__YOUR TASK__. Word for word, restate the lines from the one containing "Darüber hinaus sind" through the last line of the material, and include no pictures.

__SUPPLIED INFORMATION__.

####

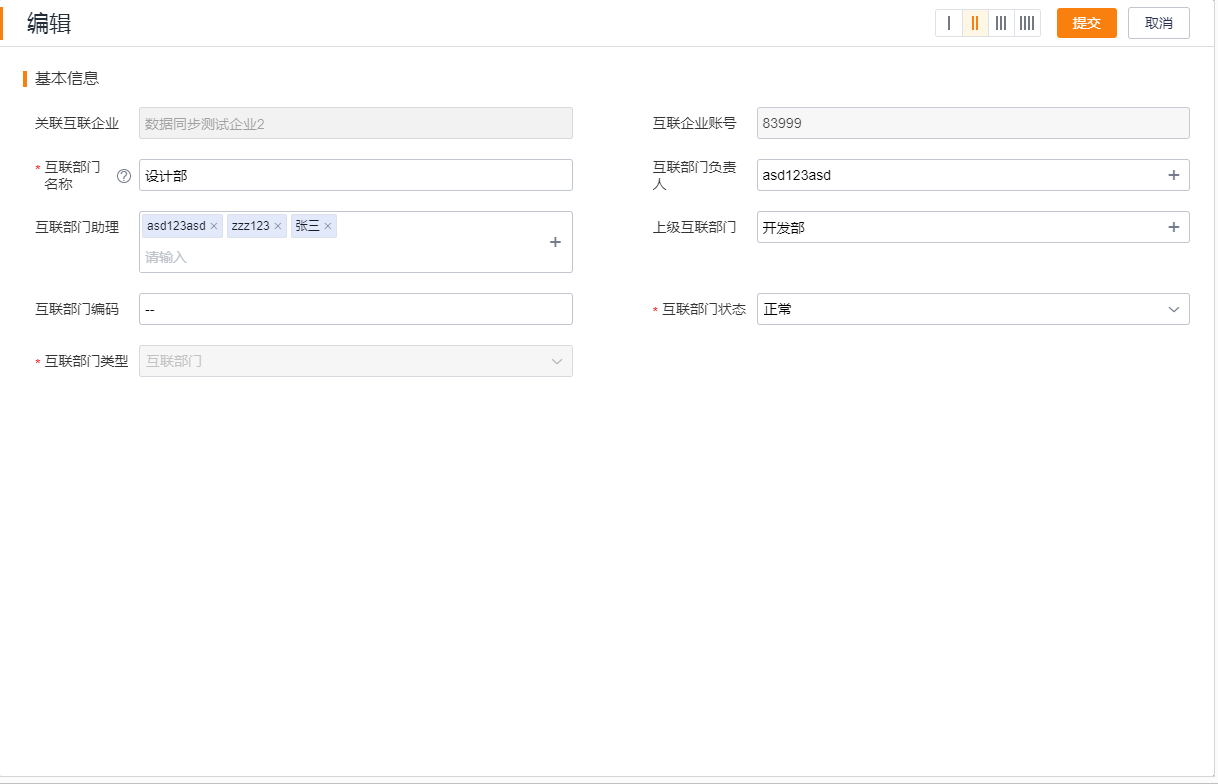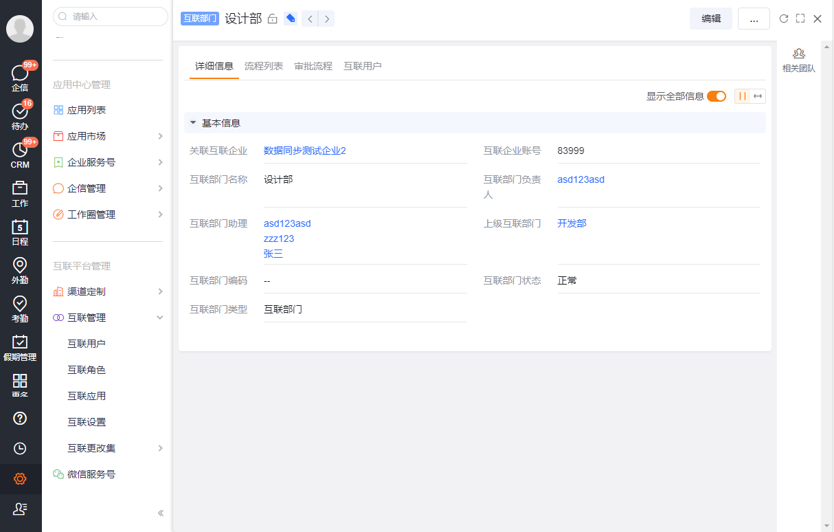 3.支持编辑互联部门详情
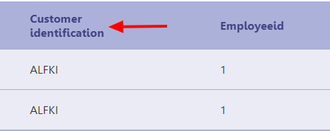 Exemplo dos ícones de ordenação do tema exibidos no mouseover
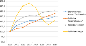 Darüber hinaus sind aber auch viele andere Kostenfaktoren im Jahresverlauf gestiegen. Dazu zählen bspw. die Textilpreise von inländischen Partnern bei der Berufsbekleidung und auch der Flachwäsche. Bei den Energiekosten entwickelten sich die Strompreise nach oben. Auch Öl zog zuletzt an, sodass der Teilindex Energie erstmals seit 2013 wieder anstieg.
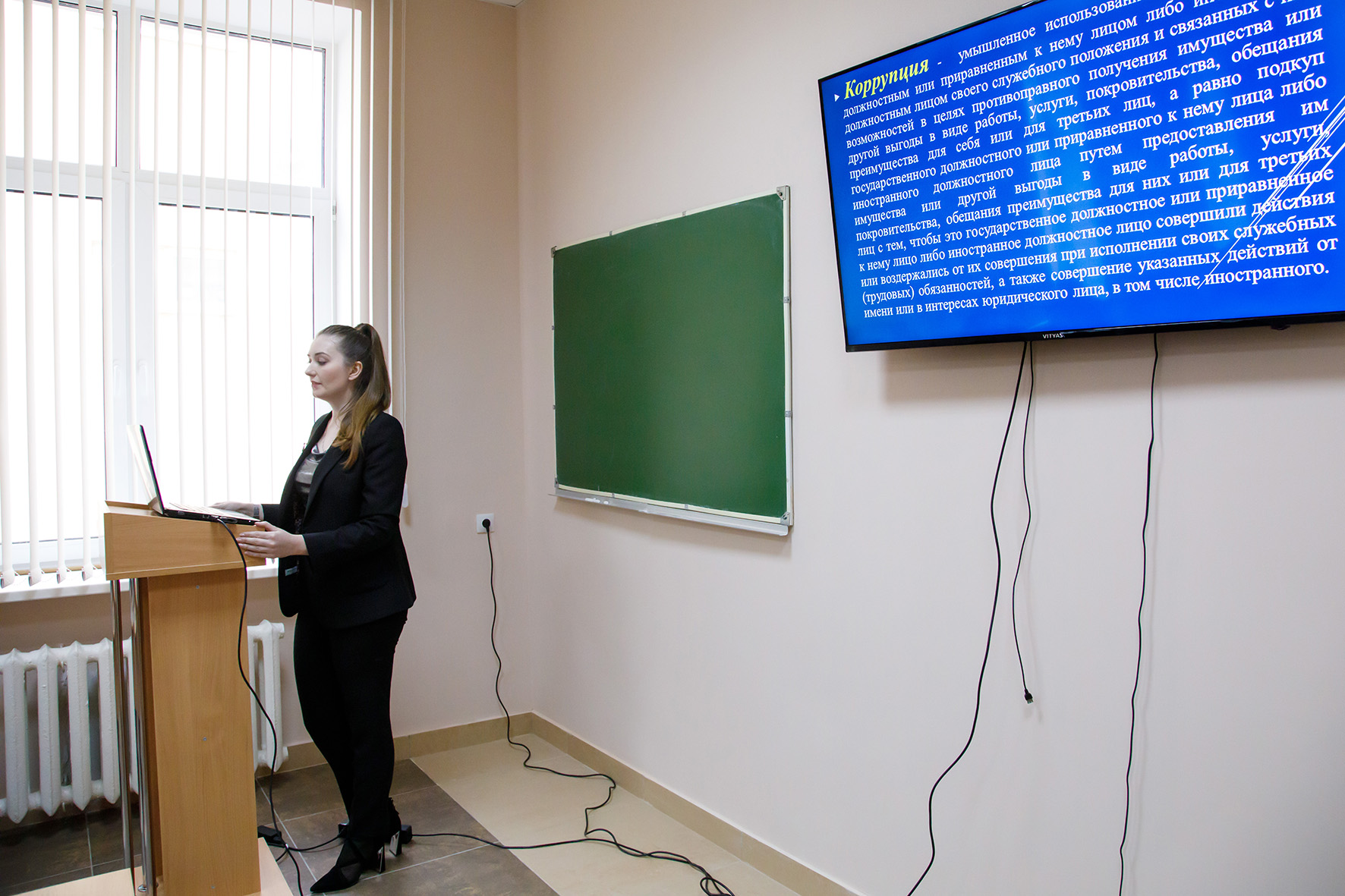 Старший преподаватель кафедры социально-гуманитарных наук Цыбульская Е.В. выступила с докладом «Предупреждение и пресечение коррупционных правонарушений: обзор законодательства Республики Беларусь по вопросам противодействия коррупции».

####

__WRITTEN RESPONSE__.
 Darüber hinaus sind aber auch viele andere Kostenfaktoren im Jahresverlauf gestiegen. Dazu zählen bspw. die Textilpreise von inländischen Partnern bei der Berufsbekleidung und auch der Flachwäsche. Bei den Energiekosten entwickelten sich die Strompreise nach oben. Auch Öl zog zuletzt an, sodass der Teilindex Energie erstmals seit 2013 wieder anstieg.
 Старший преподаватель кафедры социально-гуманитарных наук Цыбульская Е.В. выступила с докладом «Предупреждение и пресечение коррупционных правонарушений: обзор законодательства Республики Беларусь по вопросам противодействия коррупции».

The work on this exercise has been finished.